1年単位や1月単位に必要な生活費と、その期間当たり仕事に振り分けられる時間から、凡その目安となる時間単価を割り出すことが出来ます。しかしこれはあくまで自分の希望であり、通常他の同業者なら同じ仕事に対してどの程度の報酬を得ているのか、といった客観的な基準を知っておくことも必要です。
自分の実力を過信して高過ぎる報酬額を設定していても、クライアントから声が掛からなければ一銭の収入にもならないという現実は、会社勤めでは味わうことのない不安要素になるものです。そのため特に独立当初は安くても仕事をこなして食いつなぐという目先の利益に囚われてしまい、気が付けば同じような安い単価で仕事を受注するフリーランスとの価格競争に巻き込まれてしまわないとも限りません。そのため十分に検討した上で、自分で決めた時間単価を下回るような依頼に対しては、はっきりと断ることを原則にするのです。
もちろん仕事の内容によっては、「損して得とれ」で自らの実績としての宣伝効果が大きく、後々の評価を上げる類の案件もあります。特にエンジニアなどは、その仕事を見ればレベルが分かるという部分が大きく、初めてのクライアントも判断材料にしやすいものです。あるいはそうでなくても、どうしても自分がやりたい仕事ということもあるでしょう。
このように仕事を選ぶ基準は決して1つではありません。主に金銭的な理由から、自分にとって必要最低限守らなければならない基準の他にも、将来に渡ってその仕事を続けて行くために自分にとってメリットがあるかどうか、あるいは損得勘定を抜きにしてでも自分がどうしてもやりたい仕事なのかどうかという基準も大切です。

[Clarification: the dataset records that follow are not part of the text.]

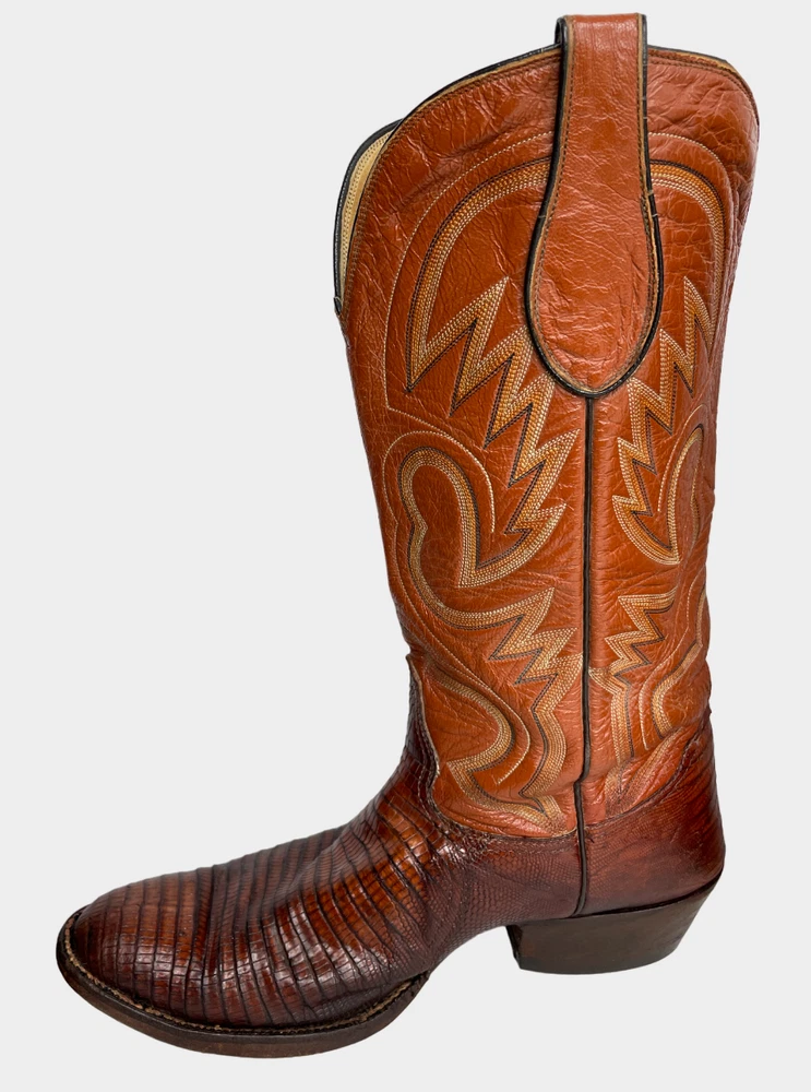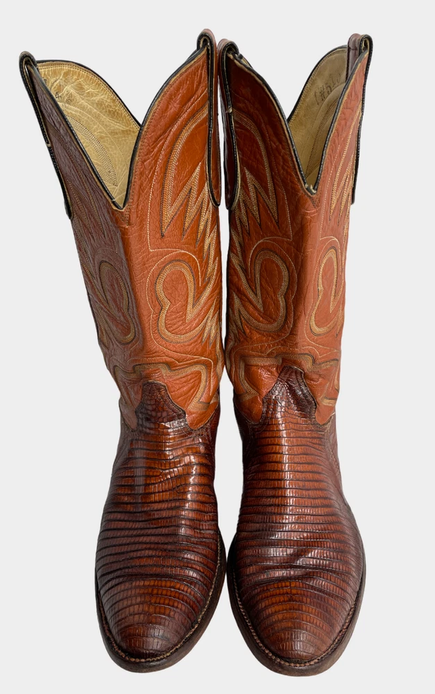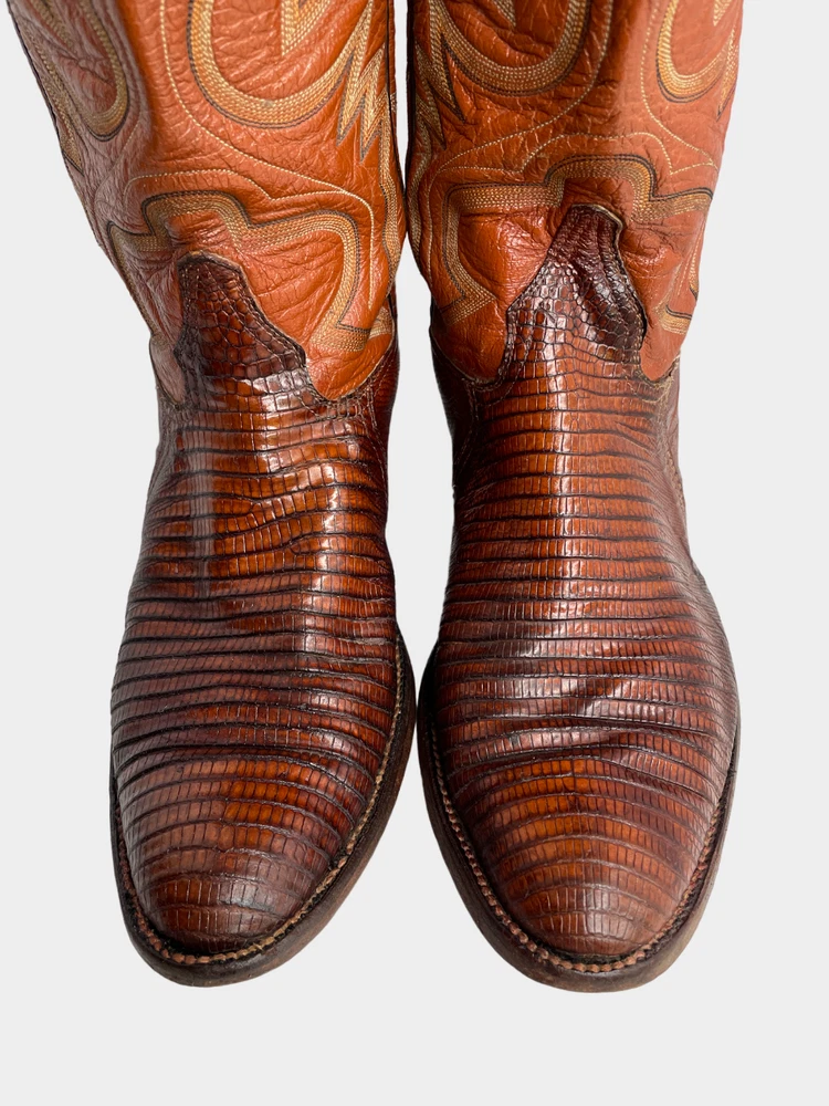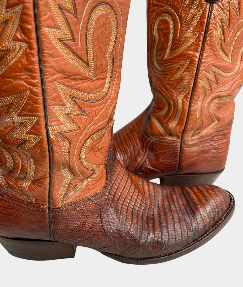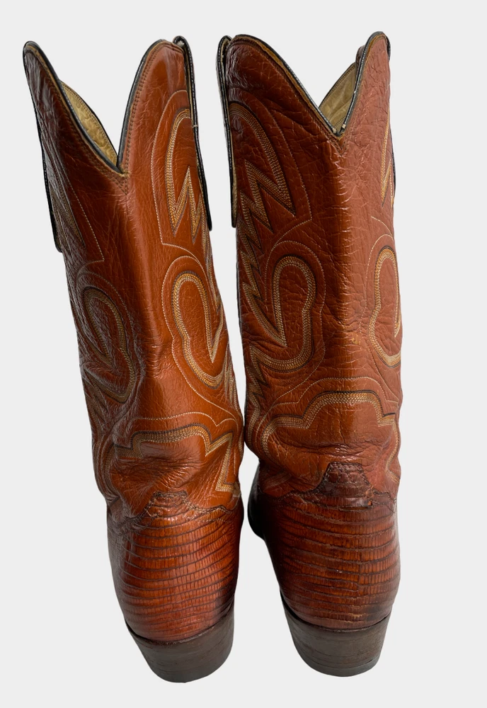 Vintage Crown Boot Company Brown Lizard Leather Western Cowboy Boots Men's 8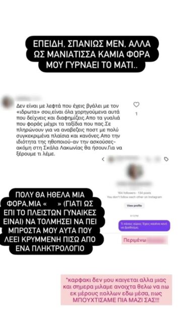 “Να σας πω κάτι; Έχω λάβει τέτοιο κύμα αγάπης από σχόλια και προσωπικά μηνύματα μετά τη σημερινή μου συνέντευξη, που νιώθω τεράστια ευγνωμοσύνη και χαρά.. Δεν είχα κανένα σκοπό να μολύνω αυτό το όμορφο συναίσθημα όμως…”, έγραψε αρχικά η Αθηνά Οικονομάκου το βράδυ της ίδιας ημέρας. Ωστόσο, όπως ήταν αναμενόμενο, κάποια από τα σχόλια δεν ήταν καθόλου εγκωμιαστικά και η γνωστή ηθοποιός δεν δίστασε να προχωρήσει σε ένα πρωτοφανές ξέσπασμα για τον τρόπο ζωής που ακολουθεί. «Δεν είναι με λεφτά που έχεις βγάλει με τον ‘ιδρώτα’ σου, είναι όλα χορηγούμενα αυτά που δείχνεις και διαφημίζεις. Από τα γυαλιά που φοράς μέχρι τα ταξίδια που πας. Σε πληρώνουν για να ανεβάζεις ποστ με πολύ συγκεκριμένα πλαίσια και κανόνες. Από την ιδιότητα της ηθοποιού -αν την άκουσες- ακόμα στη Σκάλα Λακωνίας θα ήσουν. Για να ξέρουμε τι λέμε”, ήταν το μήνυμα που έκανε την Αθηνά Οικονομάκου να βγει εκτός εαυτού.
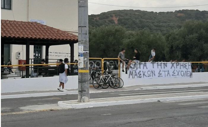 Υπό κατάληψη από τους μαθητές τελεί σήμερα το Γυμνάσιο Βουκολιών στα Χανιά. Οι μαθητές δεν επέτρεψαν στους εκπαιδευτικούς να εισέλθουν στο σχολείο και κρέμασαν πανό με συνθήματα κατά της χρήσης μάσκας στα σχολεία.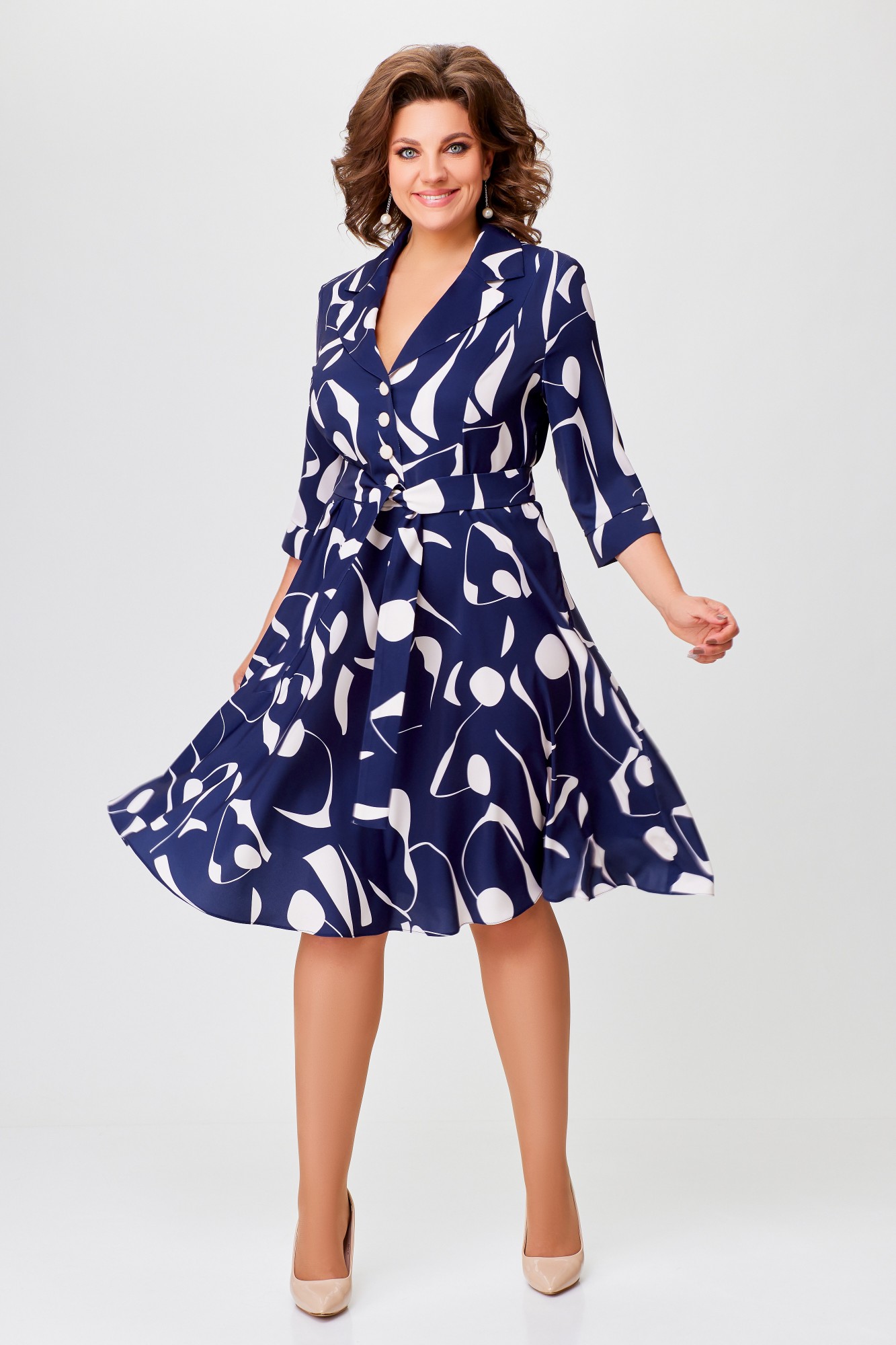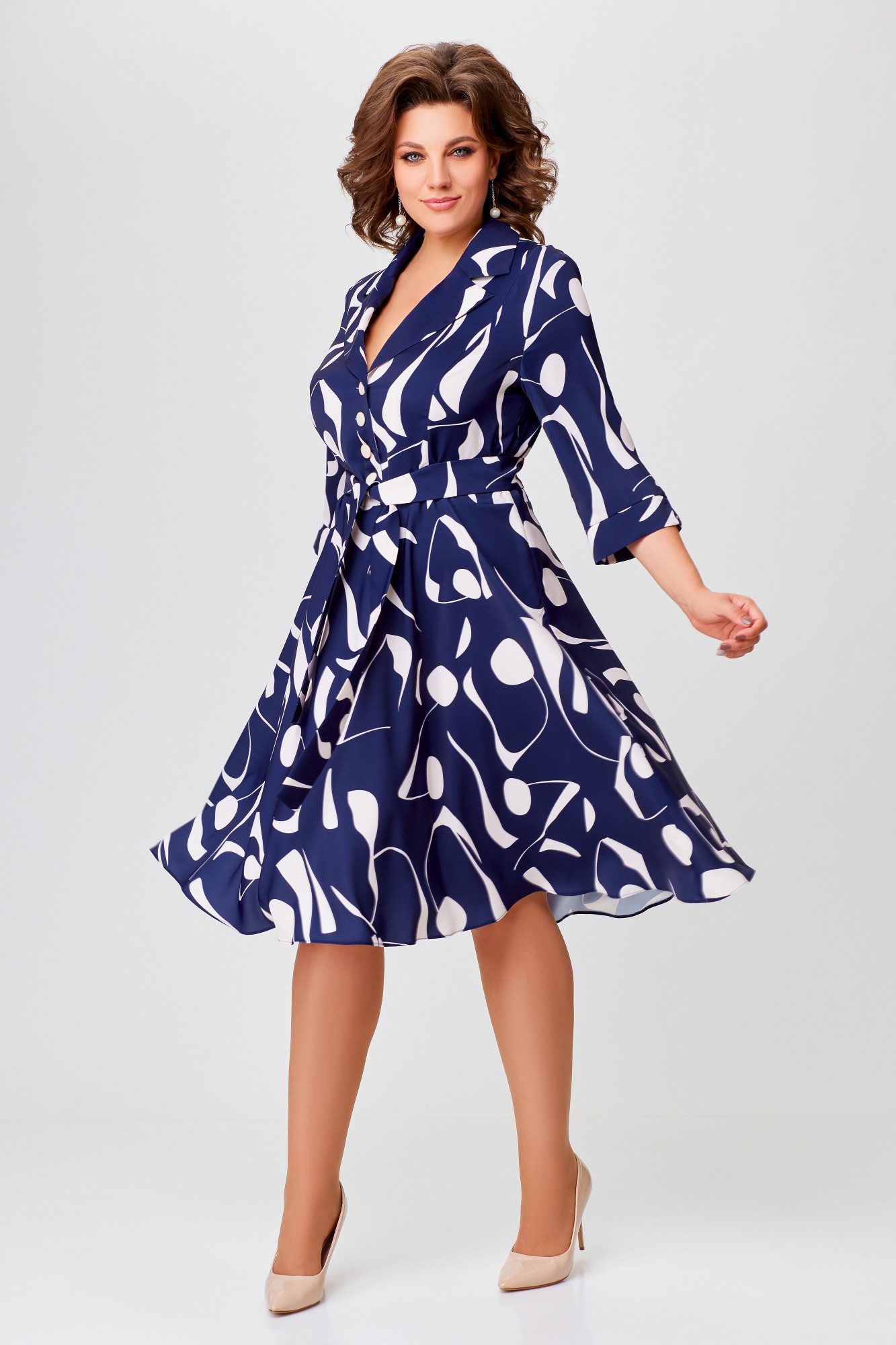 Платье Swallow 769 -1 Синий, молочный, принт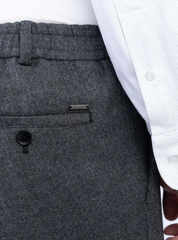 Volnočasové separátní kalhoty jsou vyrobeny z kombinace vláken, díky nimž jsou kalhoty uživatelsky přívětivé na údržbu a také jsou příjemné v pohybu. Pro tento střih kalhot jsme použili velice oblíbenou variantu stahování v pase pruženkou přes celý zadní díl. Díky tomu jsou kalhoty velice pohodlné a uživatelsky nenáročné. Tyto kalhoty jsou velmi dobře kombinovatelné napříč kolekcí a hodí se jak k separátnímu saku nebo s košilí samostatně.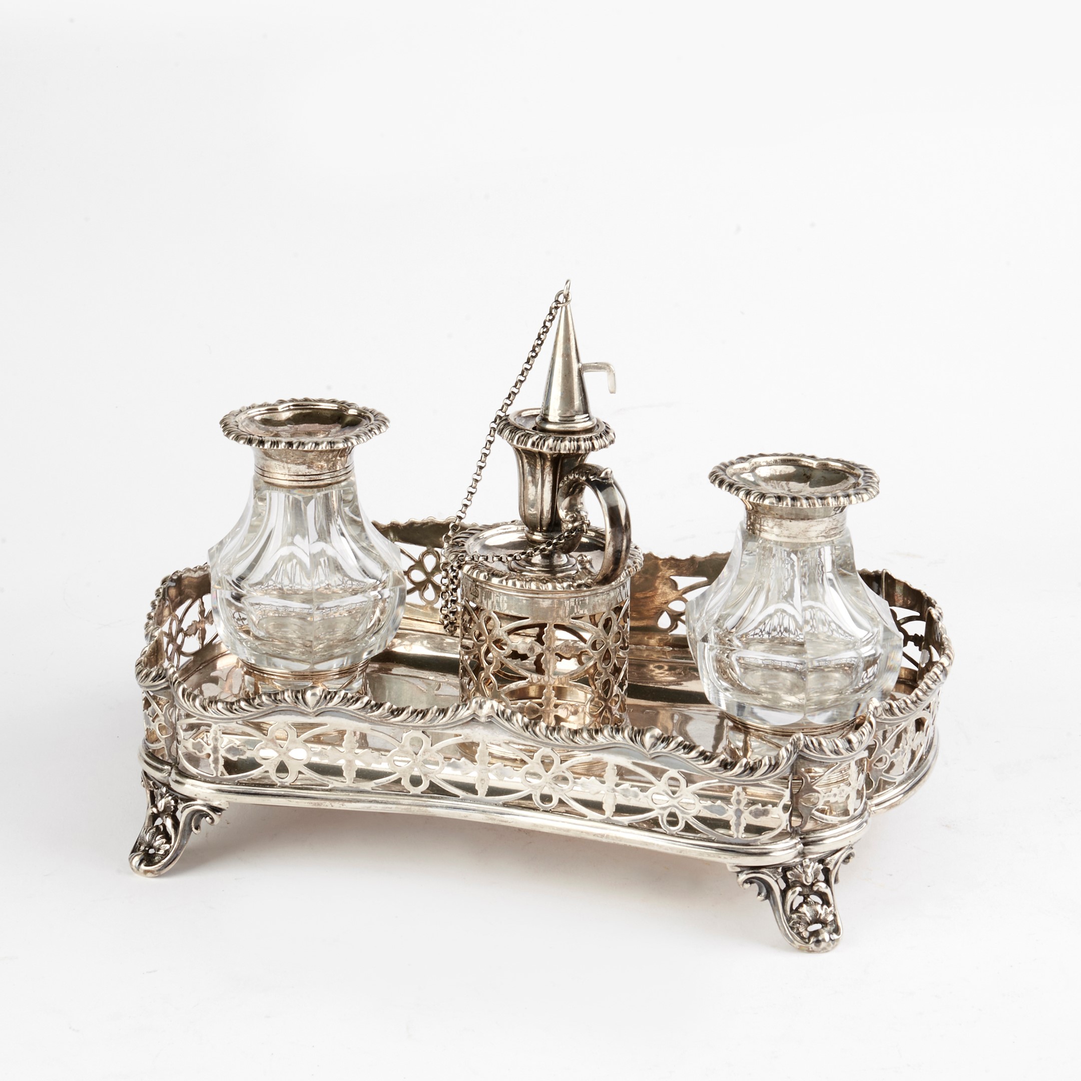 in argento, completo di due contenitori in cristallo, base rettangolare sagomata, cm 24x16x14, g 645 netti

日本の商慣習として、契約書を作ってお互いに内容を確認するということを面倒がってしまい、口約束でなんとなく仕事を始めるということも少なくありません。継続的な取引でお互いに気心が知れており、信用出来る場合であれば良いのですが、フリーランスの場合には、立場の弱さを利用されて後々に泣きを見ることになるかもしれないという点は注意が必要です。もちろん報酬額の交渉も自分で行わなければなりません。